Mutual Funds

Your Fund Portfolio

Aarati Krishnan | Updated on July 15, 2018 Published on July 15, 2018

I am 34 years old and have two kids aged five and 10. I have ₹40,000 in surplus every month which I want to invest in mutual funds through the SIP route. I don’t have any existing investments in MFs and want to raise a corpus of ₹1 crore for my 10-year old for his education at 18; another ₹50 lakh for the wedding of my two children when they turn 24. I also need a corpus of ₹1 crore for my retirement at 60. Which funds should I invest in and how much?
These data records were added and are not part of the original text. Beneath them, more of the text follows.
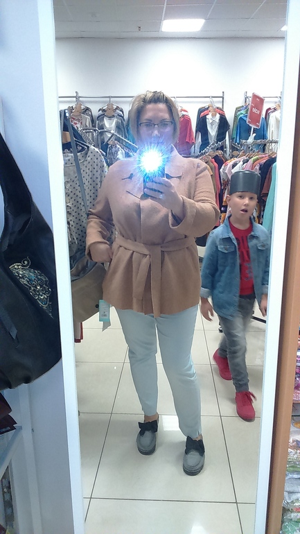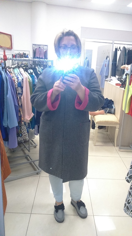 На фото мне понравилось на вас: бежевый жакет ( пояс подчеркнул талию) и серое пальто с розовыми отворотами на рукавах ( стройнит)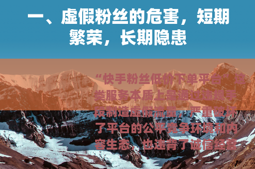 “快手粉丝低价下单平台”这类服务本质上是通过违规手段制造虚假流量,严重破坏了平台的公平竞争环境和内容生态,也违背了诚信经营的基本原则,以下从几个角度分析其危害性及正确的发展路径: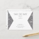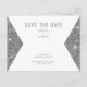 Silver Glitzer Bild und White Envelope Stil. Hochzeit Save the Date. Zurück mit Braut und Bräutigam Nachnamen sowie dem Text Hochzeit. Website. Klasse.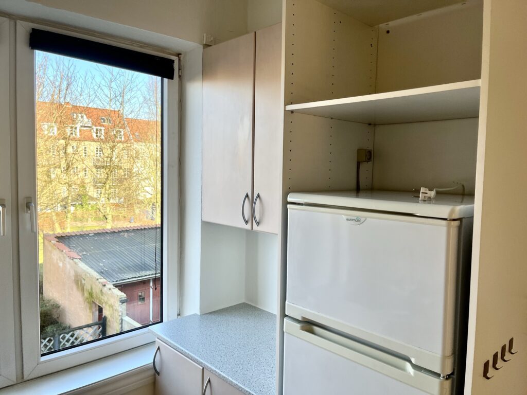 Denne fine lejlighed ligger i en rolig ejendom med tilhørende gårdmiljø, hvor der er mulighed for blive skrevet på venteliste til leje af parkeringsplads og garage i gården.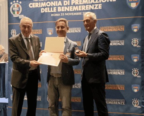 Cerimonia 2023 delle Benemerenze, il presidente Enrico Chiarion premiato a Roma dalla Figc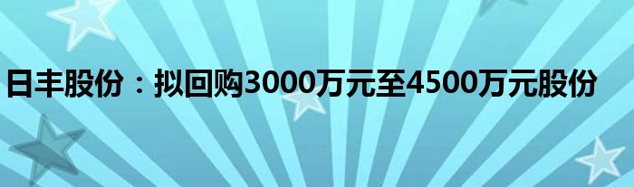 日丰股份:拟回购3000万元至4500万元股份

Sorry, your financial goals are way ahead of your present savings and investment ability. You may have to rethink your goals and scale them down significantly. Even to get to your first goal of ₹1 crore in eight years, you will need to invest at least ₹60,000 a month.

Let’s assume that since you are starting out at a fairly high equity market level, your equity MFs fetch 12 per cent compounded annual return in the next eight years. At this rate, a monthly SIP of ₹40,000 will grow to ₹64 lakh in eight years. That’s the sum you can realistically expect to have when your son turns 18, at your current rate of savings.

If you use that up for his education and continue with the same SIP, even assuming a higher 15 per cent return from there, you can get to a corpus of about ₹46 lakh by the time he turns 24. If you use that up for the wedding, it will leave you with another five years to save for your younger child’s wedding. At 15 per cent rate, with ₹40,000 a month, you can end up with another ₹35 lakh over the next five years.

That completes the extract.